- THE TASK
Repeat the entries below exactly and in full.

Items from a data source:
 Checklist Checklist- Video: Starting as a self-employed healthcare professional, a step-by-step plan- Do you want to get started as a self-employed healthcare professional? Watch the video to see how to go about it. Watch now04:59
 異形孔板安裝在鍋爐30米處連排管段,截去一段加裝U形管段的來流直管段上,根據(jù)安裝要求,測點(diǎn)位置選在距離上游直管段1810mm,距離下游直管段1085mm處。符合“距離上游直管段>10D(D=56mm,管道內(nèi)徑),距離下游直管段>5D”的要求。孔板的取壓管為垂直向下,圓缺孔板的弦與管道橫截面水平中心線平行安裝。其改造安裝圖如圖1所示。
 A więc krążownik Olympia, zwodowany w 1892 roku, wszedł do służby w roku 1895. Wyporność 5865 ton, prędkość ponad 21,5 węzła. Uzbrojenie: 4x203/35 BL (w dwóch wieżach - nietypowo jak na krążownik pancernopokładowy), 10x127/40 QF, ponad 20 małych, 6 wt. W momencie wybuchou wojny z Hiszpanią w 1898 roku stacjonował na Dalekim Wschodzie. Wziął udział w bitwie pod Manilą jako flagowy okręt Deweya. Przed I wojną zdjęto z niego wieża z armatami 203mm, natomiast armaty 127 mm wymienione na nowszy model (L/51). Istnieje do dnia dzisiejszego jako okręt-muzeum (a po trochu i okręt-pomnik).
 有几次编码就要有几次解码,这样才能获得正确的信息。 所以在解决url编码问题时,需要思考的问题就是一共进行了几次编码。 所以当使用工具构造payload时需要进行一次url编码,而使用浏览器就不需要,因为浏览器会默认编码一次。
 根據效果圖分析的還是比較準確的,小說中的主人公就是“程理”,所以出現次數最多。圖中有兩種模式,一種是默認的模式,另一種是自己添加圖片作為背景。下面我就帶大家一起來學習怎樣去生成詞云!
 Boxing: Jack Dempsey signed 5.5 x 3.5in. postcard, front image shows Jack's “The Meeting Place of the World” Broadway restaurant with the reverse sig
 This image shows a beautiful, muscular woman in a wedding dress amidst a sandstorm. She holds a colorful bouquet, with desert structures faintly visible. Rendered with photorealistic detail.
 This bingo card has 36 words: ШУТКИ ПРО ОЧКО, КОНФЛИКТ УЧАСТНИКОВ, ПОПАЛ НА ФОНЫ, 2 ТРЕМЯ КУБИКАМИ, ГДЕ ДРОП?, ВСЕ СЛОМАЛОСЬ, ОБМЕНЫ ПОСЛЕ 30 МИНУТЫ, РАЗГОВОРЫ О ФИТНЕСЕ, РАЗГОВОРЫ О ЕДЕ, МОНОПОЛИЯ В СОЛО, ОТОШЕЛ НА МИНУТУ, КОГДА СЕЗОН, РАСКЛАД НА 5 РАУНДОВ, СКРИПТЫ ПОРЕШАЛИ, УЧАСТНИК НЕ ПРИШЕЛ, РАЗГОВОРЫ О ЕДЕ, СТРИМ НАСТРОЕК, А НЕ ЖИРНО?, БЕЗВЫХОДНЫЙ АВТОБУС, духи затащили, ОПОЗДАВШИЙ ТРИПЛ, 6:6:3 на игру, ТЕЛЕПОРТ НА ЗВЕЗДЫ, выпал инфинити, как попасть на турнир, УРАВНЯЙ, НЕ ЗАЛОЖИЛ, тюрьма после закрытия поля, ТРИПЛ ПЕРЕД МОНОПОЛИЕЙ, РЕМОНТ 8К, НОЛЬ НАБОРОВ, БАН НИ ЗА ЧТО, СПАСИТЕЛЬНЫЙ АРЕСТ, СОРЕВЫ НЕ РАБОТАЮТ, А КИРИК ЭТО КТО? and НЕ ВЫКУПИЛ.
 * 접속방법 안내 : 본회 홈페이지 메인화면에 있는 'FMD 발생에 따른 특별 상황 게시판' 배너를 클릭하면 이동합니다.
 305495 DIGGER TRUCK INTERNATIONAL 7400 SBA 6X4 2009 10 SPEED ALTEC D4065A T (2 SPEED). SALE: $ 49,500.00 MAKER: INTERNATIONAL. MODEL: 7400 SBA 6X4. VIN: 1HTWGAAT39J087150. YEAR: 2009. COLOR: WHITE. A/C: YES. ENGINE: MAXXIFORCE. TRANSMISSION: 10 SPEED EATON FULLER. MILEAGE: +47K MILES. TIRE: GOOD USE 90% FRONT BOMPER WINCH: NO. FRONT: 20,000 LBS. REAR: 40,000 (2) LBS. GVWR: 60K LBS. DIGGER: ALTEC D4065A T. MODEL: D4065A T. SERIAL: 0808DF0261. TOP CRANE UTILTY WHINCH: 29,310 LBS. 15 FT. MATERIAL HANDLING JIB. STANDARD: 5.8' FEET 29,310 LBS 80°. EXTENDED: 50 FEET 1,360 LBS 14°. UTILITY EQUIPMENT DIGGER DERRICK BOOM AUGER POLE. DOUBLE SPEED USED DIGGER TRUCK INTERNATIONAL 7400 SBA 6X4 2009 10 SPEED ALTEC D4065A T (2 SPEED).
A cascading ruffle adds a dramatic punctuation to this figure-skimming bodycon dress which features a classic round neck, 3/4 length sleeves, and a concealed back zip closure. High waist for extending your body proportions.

- THE ANSWER
 Checklist Checklist- Video: Starting as a self-employed healthcare professional, a step-by-step plan- Do you want to get started as a self-employed healthcare professional? Watch the video to see how to go about it. Watch now04:59
 異形孔板安裝在鍋爐30米處連排管段,截去一段加裝U形管段的來流直管段上,根據(jù)安裝要求,測點(diǎn)位置選在距離上游直管段1810mm,距離下游直管段1085mm處。符合“距離上游直管段>10D(D=56mm,管道內(nèi)徑),距離下游直管段>5D”的要求。孔板的取壓管為垂直向下,圓缺孔板的弦與管道橫截面水平中心線平行安裝。其改造安裝圖如圖1所示。
 A więc krążownik Olympia, zwodowany w 1892 roku, wszedł do służby w roku 1895. Wyporność 5865 ton, prędkość ponad 21,5 węzła. Uzbrojenie: 4x203/35 BL (w dwóch wieżach - nietypowo jak na krążownik pancernopokładowy), 10x127/40 QF, ponad 20 małych, 6 wt. W momencie wybuchou wojny z Hiszpanią w 1898 roku stacjonował na Dalekim Wschodzie. Wziął udział w bitwie pod Manilą jako flagowy okręt Deweya. Przed I wojną zdjęto z niego wieża z armatami 203mm, natomiast armaty 127 mm wymienione na nowszy model (L/51). Istnieje do dnia dzisiejszego jako okręt-muzeum (a po trochu i okręt-pomnik).
 有几次编码就要有几次解码,这样才能获得正确的信息。 所以在解决url编码问题时,需要思考的问题就是一共进行了几次编码。 所以当使用工具构造payload时需要进行一次url编码,而使用浏览器就不需要,因为浏览器会默认编码一次。
 根據效果圖分析的還是比較準確的,小說中的主人公就是“程理”,所以出現次數最多。圖中有兩種模式,一種是默認的模式,另一種是自己添加圖片作為背景。下面我就帶大家一起來學習怎樣去生成詞云!
 Boxing: Jack Dempsey signed 5.5 x 3.5in. postcard, front image shows Jack's “The Meeting Place of the World” Broadway restaurant with the reverse sig
 This image shows a beautiful, muscular woman in a wedding dress amidst a sandstorm. She holds a colorful bouquet, with desert structures faintly visible. Rendered with photorealistic detail.
 This bingo card has 36 words: ШУТКИ ПРО ОЧКО, КОНФЛИКТ УЧАСТНИКОВ, ПОПАЛ НА ФОНЫ, 2 ТРЕМЯ КУБИКАМИ, ГДЕ ДРОП?, ВСЕ СЛОМАЛОСЬ, ОБМЕНЫ ПОСЛЕ 30 МИНУТЫ, РАЗГОВОРЫ О ФИТНЕСЕ, РАЗГОВОРЫ О ЕДЕ, МОНОПОЛИЯ В СОЛО, ОТОШЕЛ НА МИНУТУ, КОГДА СЕЗОН, РАСКЛАД НА 5 РАУНДОВ, СКРИПТЫ ПОРЕШАЛИ, УЧАСТНИК НЕ ПРИШЕЛ, РАЗГОВОРЫ О ЕДЕ, СТРИМ НАСТРОЕК, А НЕ ЖИРНО?, БЕЗВЫХОДНЫЙ АВТОБУС, духи затащили, ОПОЗДАВШИЙ ТРИПЛ, 6:6:3 на игру, ТЕЛЕПОРТ НА ЗВЕЗДЫ, выпал инфинити, как попасть на турнир, УРАВНЯЙ, НЕ ЗАЛОЖИЛ, тюрьма после закрытия поля, ТРИПЛ ПЕРЕД МОНОПОЛИЕЙ, РЕМОНТ 8К, НОЛЬ НАБОРОВ, БАН НИ ЗА ЧТО, СПАСИТЕЛЬНЫЙ АРЕСТ, СОРЕВЫ НЕ РАБОТАЮТ, А КИРИК ЭТО КТО? and НЕ ВЫКУПИЛ.
 * 접속방법 안내 : 본회 홈페이지 메인화면에 있는 'FMD 발생에 따른 특별 상황 게시판' 배너를 클릭하면 이동합니다.
 305495 DIGGER TRUCK INTERNATIONAL 7400 SBA 6X4 2009 10 SPEED ALTEC D4065A T (2 SPEED). SALE: $ 49,500.00 MAKER: INTERNATIONAL. MODEL: 7400 SBA 6X4. VIN: 1HTWGAAT39J087150. YEAR: 2009. COLOR: WHITE. A/C: YES. ENGINE: MAXXIFORCE. TRANSMISSION: 10 SPEED EATON FULLER. MILEAGE: +47K MILES. TIRE: GOOD USE 90% FRONT BOMPER WINCH: NO. FRONT: 20,000 LBS. REAR: 40,000 (2) LBS. GVWR: 60K LBS. DIGGER: ALTEC D4065A T. MODEL: D4065A T. SERIAL: 0808DF0261. TOP CRANE UTILTY WHINCH: 29,310 LBS. 15 FT. MATERIAL HANDLING JIB. STANDARD: 5.8' FEET 29,310 LBS 80°. EXTENDED: 50 FEET 1,360 LBS 14°. UTILITY EQUIPMENT DIGGER DERRICK BOOM AUGER POLE. DOUBLE SPEED USED DIGGER TRUCK INTERNATIONAL 7400 SBA 6X4 2009 10 SPEED ALTEC D4065A T (2 SPEED).
A cascading ruffle adds a dramatic punctuation to this figure-skimming bodycon dress which features a classic round neck, 3/4 length sleeves, and a concealed back zip closure. High waist for extending your body proportions.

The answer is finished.